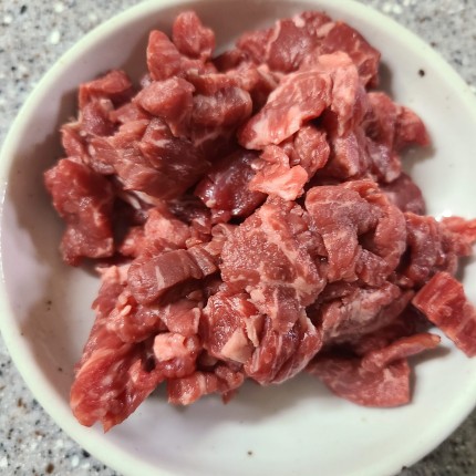 국물이 끓어오르면 볶아서 준비한 소고기 넣고 넣고 끓여줍니다.
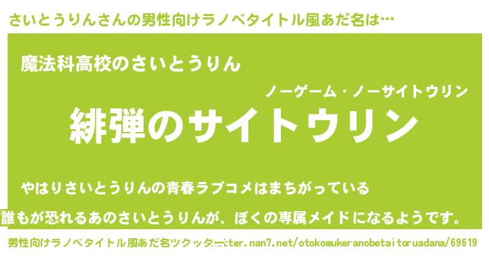 | 意味不明あだ名 | 『自称さいとうりん』 |
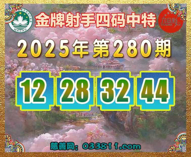 280期:〖金牌射手〗 ✂️四码中特✂️【12.28.32.44】开:42
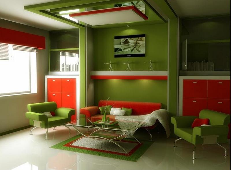 Светло-оранжевый солнечный оттенок с энергичным зеленым соединяются в яркий и позитивный дуэт. Такая комбинация часто применяется в дизайне детских комнат и кухонь. Насыщенные красные и оранжевые детали стоит использовать в правильных пропорциях. Сочетание малинового с зеленым создает привлекательный, веселый и аппетитный интерьер. Розовые оттенки хорошо взаимодействуют с яркими или нежными тонами зеленого, а также с бирюзовым и серо-зеленым цветом. Красно зеленая гамма часто встречается в современных стилях хай-тек или модерн. Эти два ярких насыщенных цвета удачно разбавляются белыми, бежевыми, черными и желтыми фрагментами.
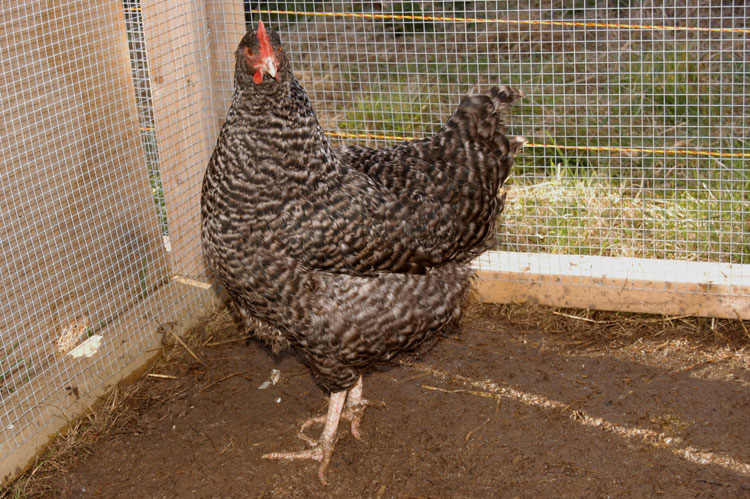 Maran Hen, dark chocolate brown eggs. This is a good chicken which produces large dark brown eggs, and has good quality meat. The French developed the breed as dual purpose with good table as well as laying properties
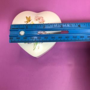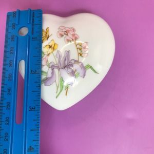 Porcelain Heart Trinket Box Lillies and Butterfly Design 3'x3' for Rings Perfect
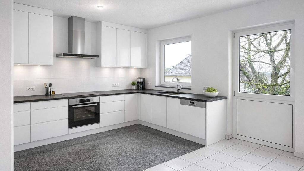 Der großzügige Flur bietet ausreichend Platz für eine Garderobe und verbindet alle Räume der Wohnung. Von hier aus gelangt man in den offenen Wohn- und Essbereich mit angrenzender Küche. Zwei bodentiefe Fenster und zwei weitere große Fenster sorgen für besonders viel Licht und eine einladende Atmosphäre. Die Küche bietet Platz für eine moderne Küchenzeile mit großzügiger Arbeitsfläche sowie einen gemütlichen Essbereich. Im Wohnbereich lässt sich problemlos eine großzügige Wohnlandschaft integrieren.
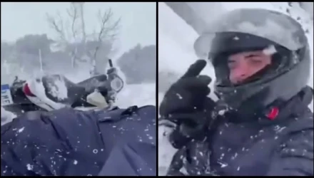 Ο διανομέας Παναγιώτης Κριεμάδι που πήγαινε μια παραγγελία παρά τις έντονες χιονοπτώσεις, με αποτέλεσμα να πέσει 5 φορές με το μηχανάκι του, την τελευταία του πτώση την ανέβασε στο Tik Tok, θέλοντας να στείλει ένα μήνυμα σε όσους παραγγέλνουν παρά τις αντίξοες καιρικές συνθήκες που επικρατούν στη χώρα τις τελευταίες ημέρες.
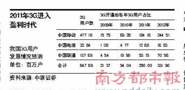 這是一場(chǎng)谷歌與蘋果之間的戰(zhàn)爭(zhēng),國(guó)內(nèi)的三大運(yùn)營(yíng)商則因?yàn)楦髯岳娴尿?qū)使,深深陷入其中,一方面,蘋果與聯(lián)通達(dá)成協(xié)議,iPhone(手機(jī)上網(wǎng))即將登陸中國(guó)。另一方面,中國(guó)移動(dòng)OMS操作系統(tǒng)機(jī)型oPhone也進(jìn)入了上市倒計(jì)時(shí)階段,昨日,本報(bào)從手機(jī)制造商內(nèi)部獲悉,最先推出的兩款G SM網(wǎng)絡(luò)oPhone戴爾M INI3i和多普達(dá)A6188已進(jìn)入量產(chǎn)鋪貨階段。至于中國(guó)電信,雖然移動(dòng)業(yè)務(wù)起步最晚,卻獲得了最快的用戶增速,然而,到目前為止,中國(guó)電信也還未能拿出一款可以與iPhone、oPhone一較高下的產(chǎn)品。圖:我國(guó)3G用戶發(fā)展情況預(yù)測(cè)
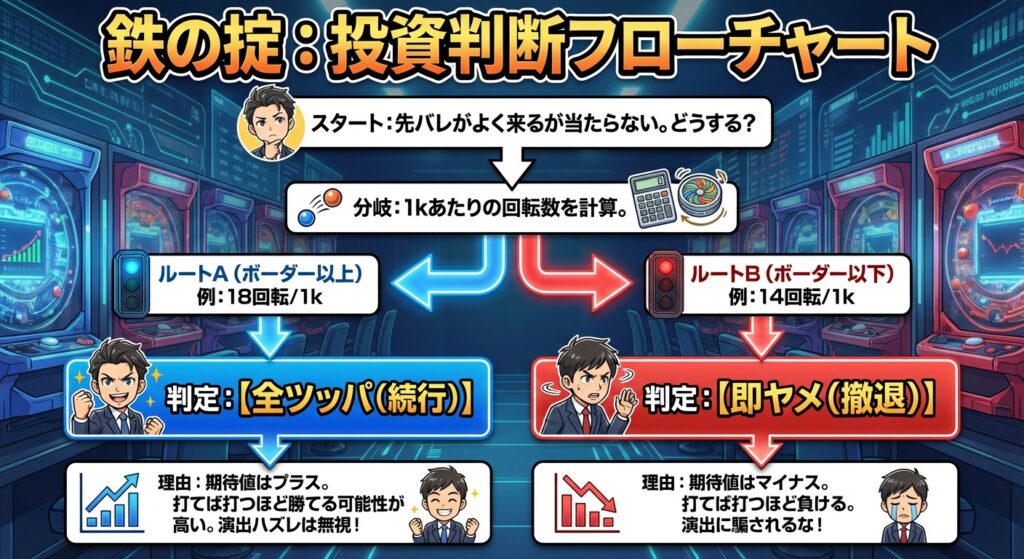 - 判断基準は「回転率」のみ: 演出に惑わされず、1,000円あたりの回転数を計算してください。ボーダー(等価約16.7回)を超えていれば、自信を持って続行しましょう。
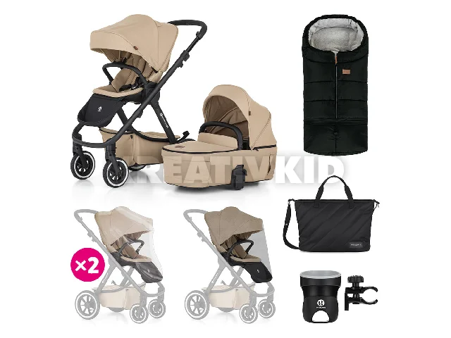 • A készlet tartalmazza: babakocsi váz, 2 x első és 2 x hátsó felfújható gumikerék, mózeskosár takaróval, sportülés, alsókosár, Maxi-Cosi adapterek, Pelenkázótáska Mia Just Black, Jibot 3in1 Ink Black bundazsák, Italtartó Handy, Rovarháló Mesh, Esővédő mély babakocsira, Esővédő sport babakocsira
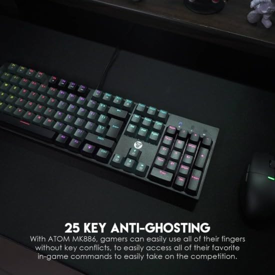 Fantech - لوحة مفاتيح ميكانيكية للألعاب MK886 بإضاءة ار جي بي من فانتيك رمادي حمراء
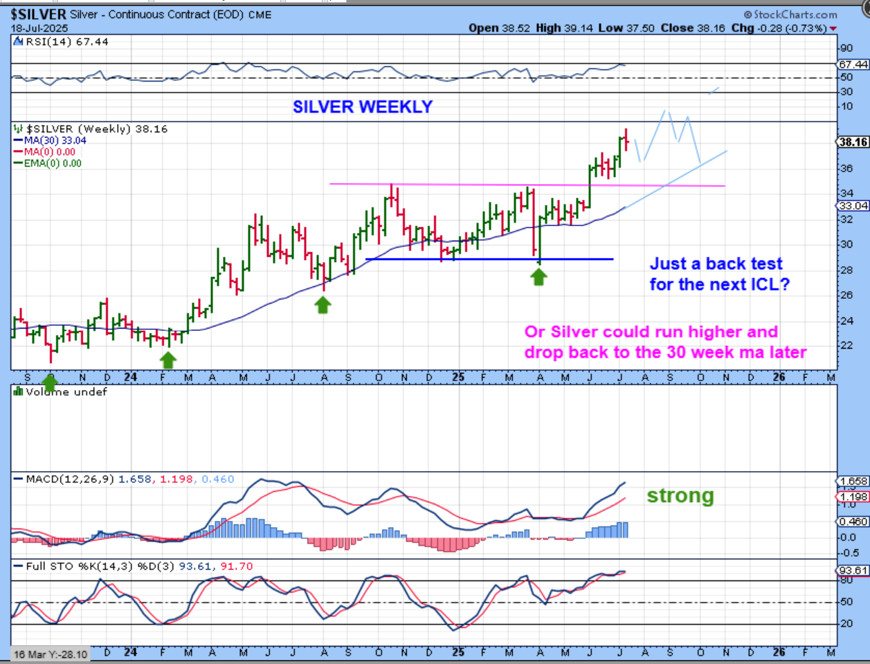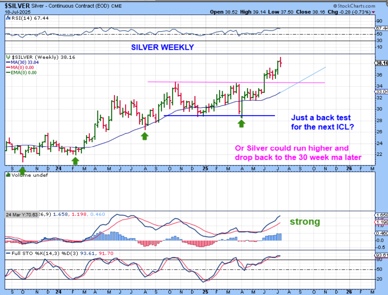 So Silver could still move higher, but with Silver stocks selling off, I think that it might start to dip into a dcl, bounce again, and then drop into the 30 week ma over time too. More sideways chop, like Gold.
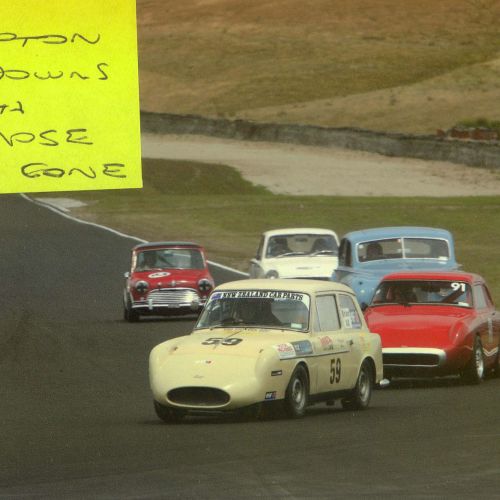 First registered 6/11/1959 by Beaumont Stores, Lower Hutt. First purchased by Brian 15/05/1962 and is still road registered (on hold). First raced at Levin Motor Racing Circuit in 1962. The engine was a bored out +60 to 998cc BMC 648 camshaft, close ratio gearbox and limited slip differential. A very competitive car under 1000cc running second to the grey and black A40 Farina of Kerry Grant with a FJ motor from the ex Denny Hulme Former Junior Cooper.
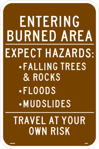 90-89312 x 18 x .080 Alum. Sign - "Entering Burned Area - Expect Hazards...", Wht/Brn, EG
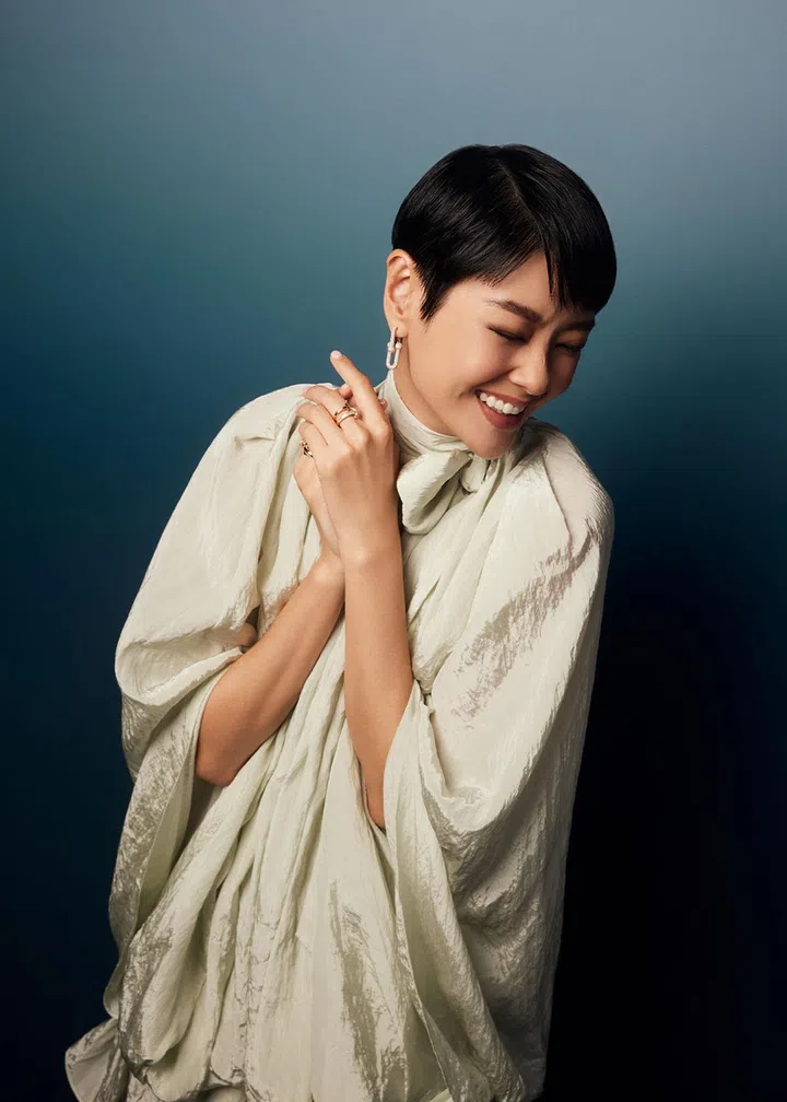 It’s all in the details for Sheila Sim. While her dreamy, sculptural outfit did most of the talking, she let the jewels whisper—stacking up on rose gold and diamonds from Tiffany & Co., including the HardWear link earrings, T1 rings, and the Tiffany Knot Ring.
+ + + + +
Above are some entries. Restate word for word the lines from the one holding "Fantech - لوحة" through the one holding "So Silver could", but not the pictures.

Answer area:
 Fantech - لوحة مفاتيح ميكانيكية للألعاب MK886 بإضاءة ار جي بي من فانتيك رمادي حمراء
 So Silver could still move higher, but with Silver stocks selling off, I think that it might start to dip into a dcl, bounce again, and then drop into the 30 week ma over time too. More sideways chop, like Gold.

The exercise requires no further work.